Vertical Gastrectomy

Vertical gastrectomy, also known as parietal gastrectomy, reduction gastrectomy of the Sleevelarge curb, or Sleeve gastrectomy, consists of an operation that aims, if performed alone, to be restrictive in nature. It is easily performed by laparoscopy, and is associated with very few perioperative risks. More precisely, this operation represents the restrictive portion of the biliopancreatic derivation.

This procedure consists in the removal of the external part of the stomach by laparoscopy. A thin vertical gastric tube is left in place, which can only contain a restricted amount of food at a time, and will not distend itself as easily as the “normal” stomach. Furthermore, by removing what is called the greater gastric tuberosity, a source of hormone secretion is removed, which in turn controls hunger.

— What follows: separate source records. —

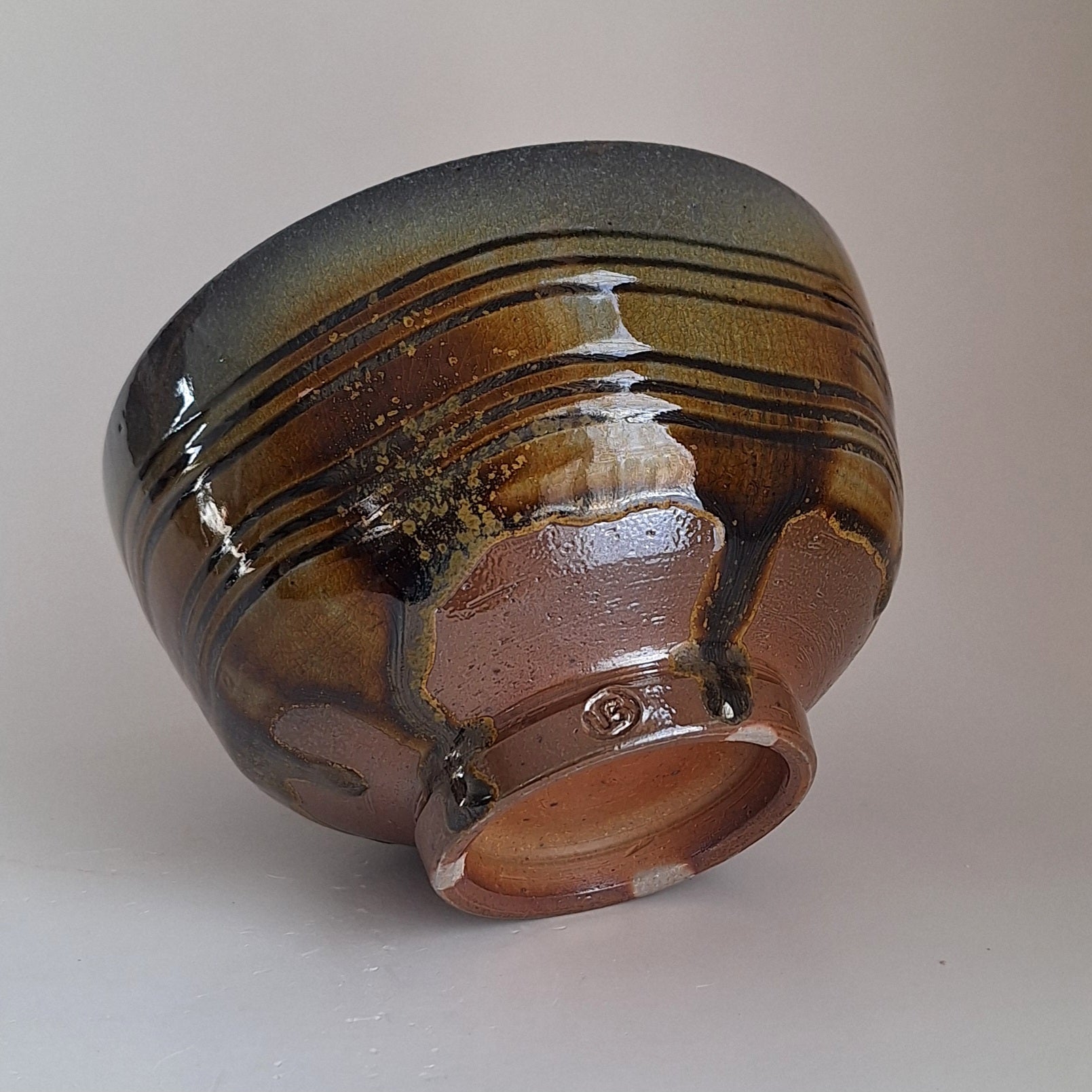 Soda fired with a high iron clay+ash glaze. Dimensions: 4"× 6"
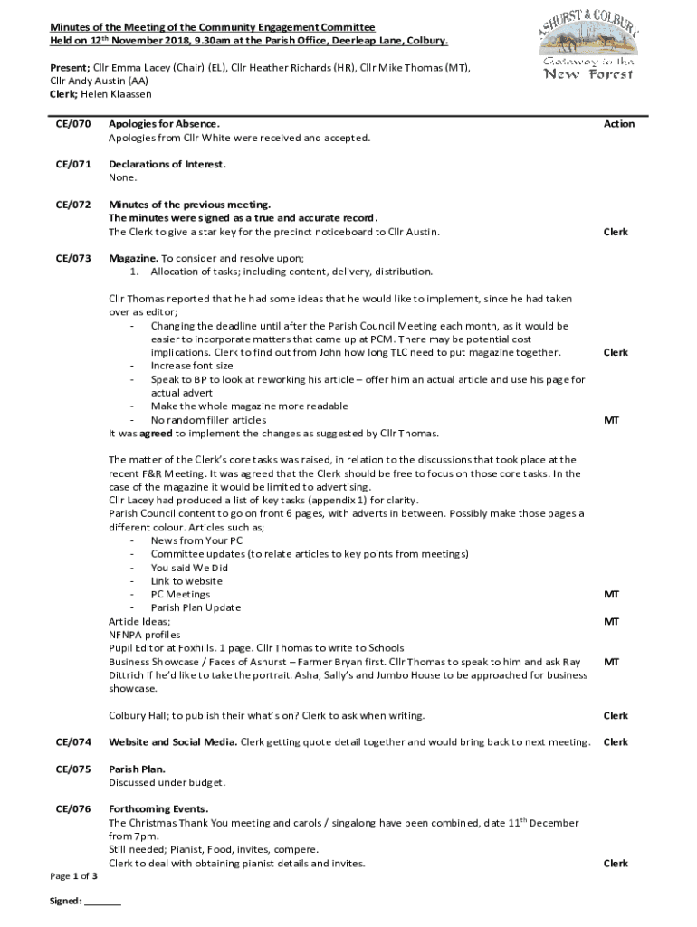 Minutes of the Meeting of the Community Engagement Committee Held on 12th November 2018, 9.30am at the Parish Office, Deer leap Lane, Col bury. Present; CLR Emma Lacey (Chair) (EL), CLR Heather Richards
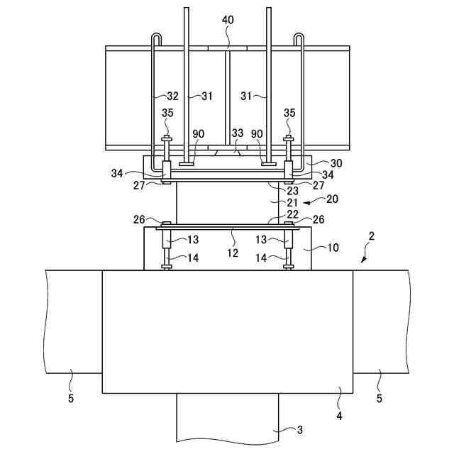 前記上部基礎の底面には、貫通孔が形成されたフランジプレートが設けられ、

Derivation procedures practiced by laparoscopy on patients who are very obese, or on patients afflicted with multiple comorbidities, are associated with important difficulties as well as significantly high complication and mortality rates.

This is why many surgeons, who practice in large recognized Bariatric Surgery centers, have suggested to perform these derivations, whether gastric or biliopancreatic in nature, in a two-time fashion. These two sequential times will therefore enable the surgeon to perform the procedure by laparoscopy, and with significantly less risks.

Following a vertical gastrectomy, the patient will lose a considerable amount of weight, which will greatly facilitate the second surgical time, if necessary. Indeed, the weight-loss results associated with vertical gastrectomy are encouraging to date, and in many cases, this primary procedure will suffice. If, following a year, there is a weight-loss stagnation and the first procedure is judged to be insufficient for optimal weight-loss, a second procedure, such as a Roux-en-Y gastric derivation (gastric bypass) or a biliopancreatic derivation, can then be carried out in much more optimal conditions.

Vertical gastrectomy is a reasonable alternative to the gastric derivation because since there is no intestinal bypass, there are no risks of malabsorption complications, as well as less risk of ensuing anastomotic ulcers or dumping syndromes.